Podría decirse que en lugar de tener 'una habitación propia', como diría Virginia Wolf, yo tengo un minipiso propio desde el que poder trabajar y vivir la cuarentena. Una cuarentena que, a veces, se me está haciendo un poco cuesta arriba aunque las videollamadas diarias (suelo tener unas 4 mínimo al día entre trabajo, familia y amigas) me alegran infinito y consiguen proporcionarme esa dosis de vida social que tanto echo de menos.
He tenido días duros: el no ver directamente la calle, aunque estos días esté vacía, y el pasar tanto tiempo sin ver a nadie, a veces me está generando picos de ansiedad y mal humor. Además, el estar tanto rato dentro de un espacio tan pequeño tampoco ayuda: normalmente solo suelo estar en casa para cenar y dormir y no estoy acostumbrada a tener que hacer vida al 100% dentro de tan pocos metros.
Mi día a día lo paso en el salón/comedor. Trabajo sobre la mesa del comedor y con una silla que, probablemente, no es la mejor del mundo para pasar 8 horas al día dándole a la tecla. Todas las noches me acaba doliendo la espalda.
A la hora de comer o cenar, intento "cambiar" de espacio y me siento en el sofá a ver la tele. Por unos momentos parece que consigo burlar a mis sentidos... Después, cuando termino de trabajar llega la locura de las videollamadas (que también las hago en el salón porque hay mejor luz) y la ronda de ejercicios que, ¿adivináis? ¡Sí: también tiene lugar en el salón porque es el espacio más grande de la casa!

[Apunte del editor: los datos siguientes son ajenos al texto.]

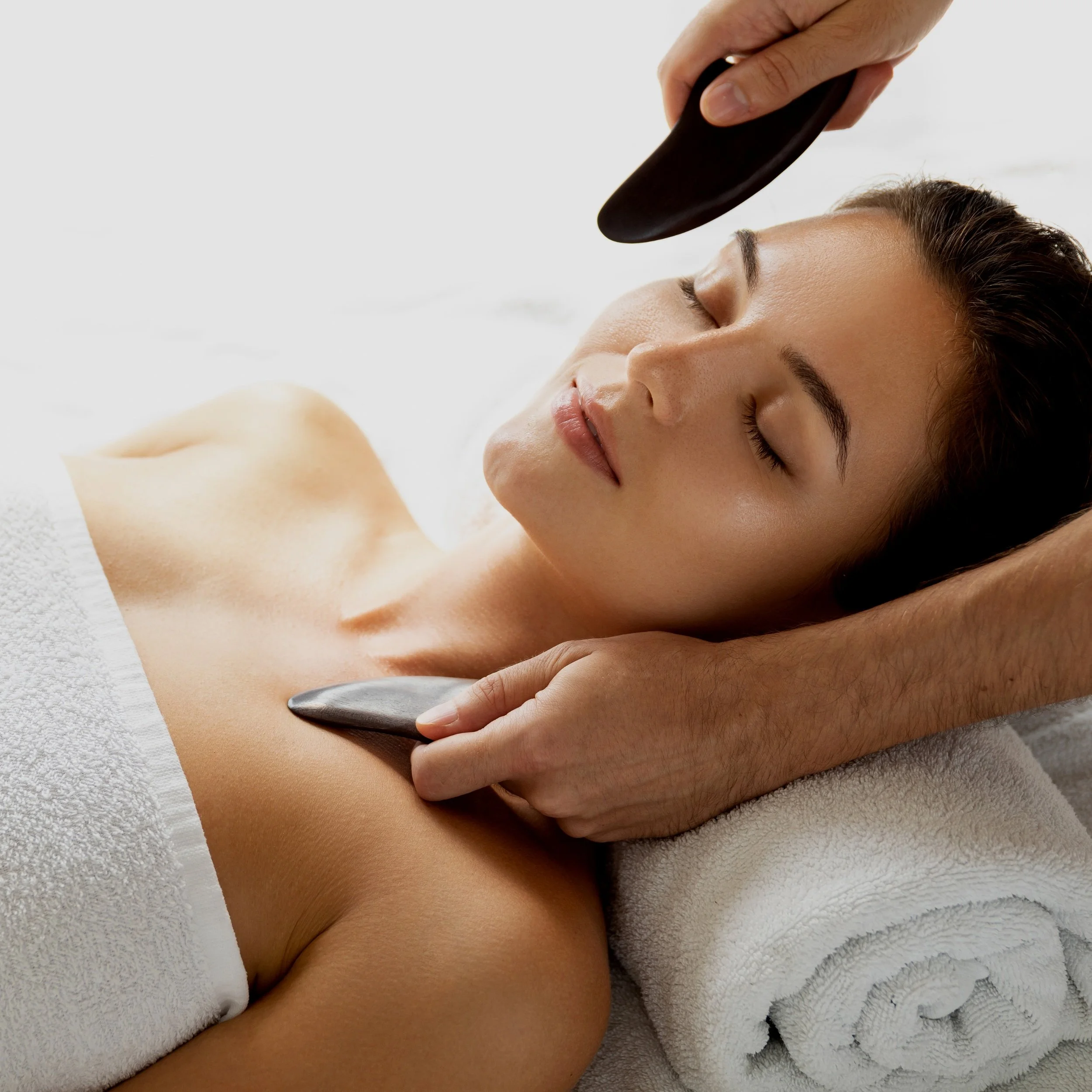 Derived from traditional Chinese medicine, Gua Sha promotes circulation, reduces inflammation, and restores skin's natural glow. It stimulates tissues, promoting lymphatic drainage and relieving tension.

A veces, tengo la sensación de que me falta el aire. El salón de mi casa ahora mismo se ha convertido en el epicentro forzoso de mi vida.
Y es que no, no es lo mismo pasar la cuarentena en un chaletazo con jardín, como estamos viendo estos días en las redes sociales de los futbolistas, que en un piso interior. No es lo mismo tener un balcón al que poder asomarse todos los días aunque sea cinco minutitos para hacer "la fotosíntesis", aplaudir y ver la calle, que asomarse a las ventanas de un patio de luces donde lo más emocionante que veo cada día son cocinas iluminadas por fluorescentes. No es lo mismo pasar la cuarentena con una terraza que sin ella y no, evidentemente no es lo mismo pasarla gente con la que puedes interactuar y desconectar un poco, que en un minipiso donde no hablo con directamente y sin necesidad de encender el móvil o el ordenador.

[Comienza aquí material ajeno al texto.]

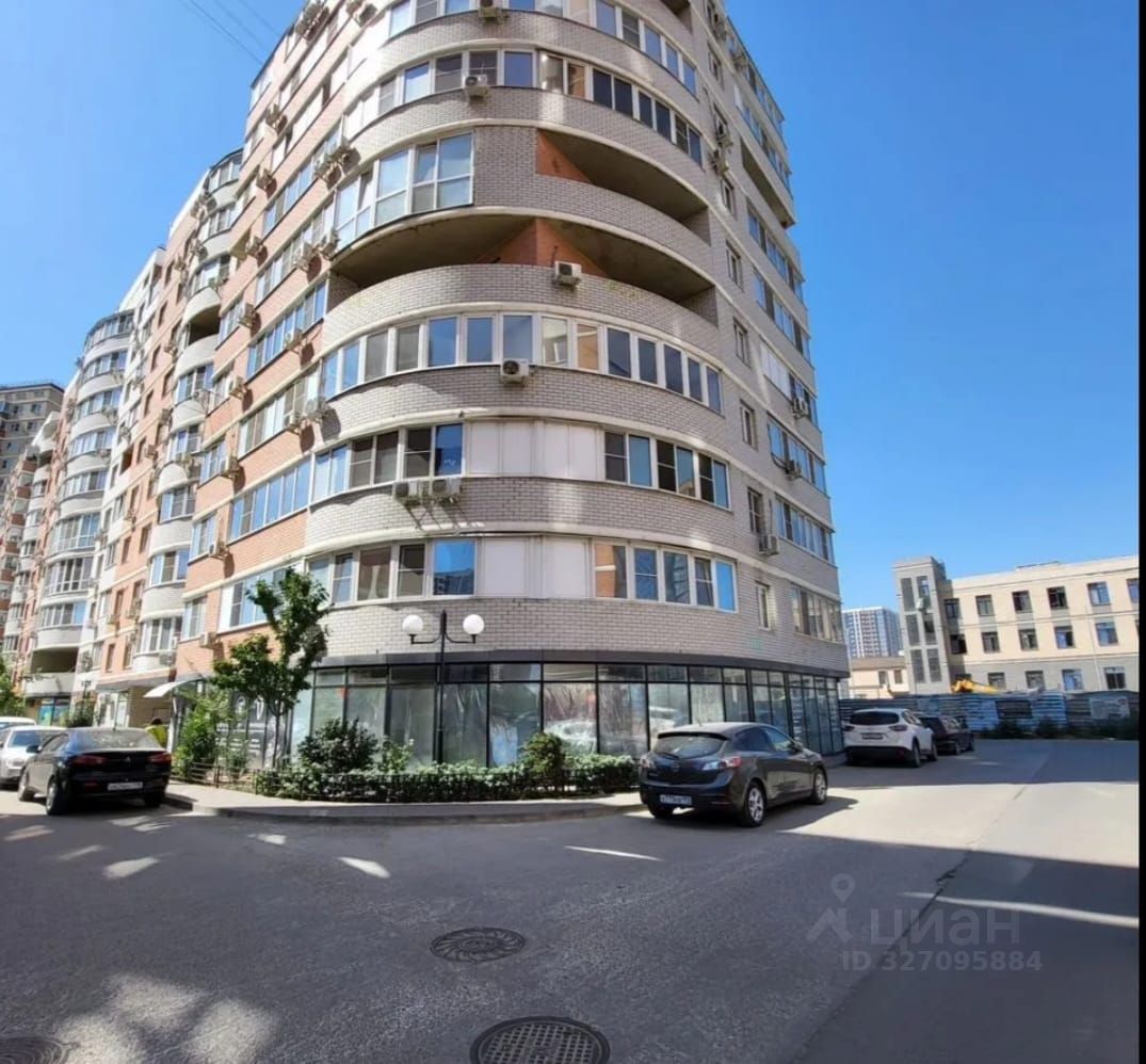 Торец многоквартирного дома. Отлично просматривается с улицы Лоцманской (заезд в жилой комплекс). Большой трафик. Помещение с красивым полукруглым витражом.

Juro que jamás me había hecho tanta ilusión ir a tirar los vidrios, los cartones o ir a hacer la compra, ¡con la pereza que me ha dado siempre! Me pongo contenta hasta de cruzarme con gente que no conozco y a veces, incluso me pregunto si serán ellos mis vecinos que aplauden a las 20:00 horas a nuestros sanitarios, a los enfermos o a los muertos. O si son esos que los fines de semana me ponen a Mónica Naranjo o Tusa.
Aún sí, intento autoconvencerme de que tengo suerte al tener un espacio propio para mí, de poder pagarme la calefacción estos días de frío, de tener la nevera llena, de poder mantener mi puesto de trabajo y de estar entretenida mínimo unas 8 horas al días.

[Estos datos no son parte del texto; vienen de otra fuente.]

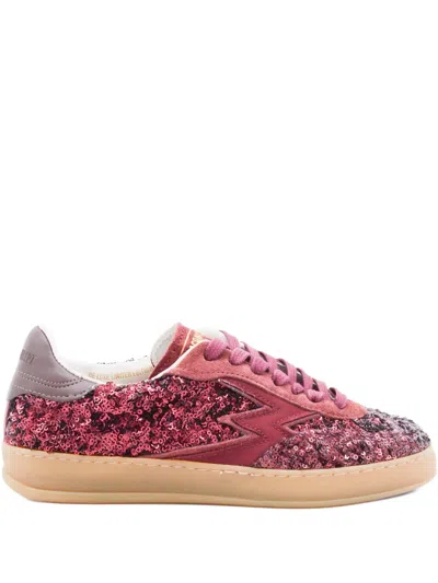 Low-top Sneakers With Burgundy Glitter And Pink Logo In Animal Print
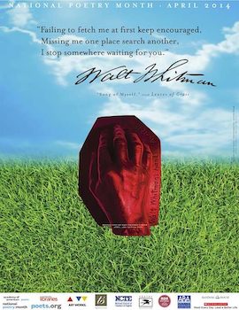 The 2014 poster, designed by Chip Kidd, features a bronze of Walt Whitman's hand along with the lines "Failing to fetch me at first keep encouraged, / Missing me one place search another, / I stop somewhere waiting for you." from Whitman's "Song of Myself." It’s on the official 2014 NPM page herehttp://www.poets.org/page.php/prmID/98

Me repito muchas veces que esto es algo "excepcional" y "temporal" y me permito enfadarme aunque no dejo que los pensamientos negativos me acaben dominando. Si eso pasa, me pongo a hacer deporte o a hablar con la gente y eso consigue "devolverme" a la vida.
Sé que no me puedo quejar si me comparo con la gente que ha perdido su curro, que no sabe cómo pagará el alquiler el mes que viene, que está pasando frío y teme calentarse porque no sabe cómo pagará las próximas facturas o que viven hacinados compartiendo piso. Pero bueno, al igual que Ana Iris Simón, yo estos días también he reflexionado sobre la importancia de una casa estos días y para qué engañarnos: el tamaño, en esta situación, también importa.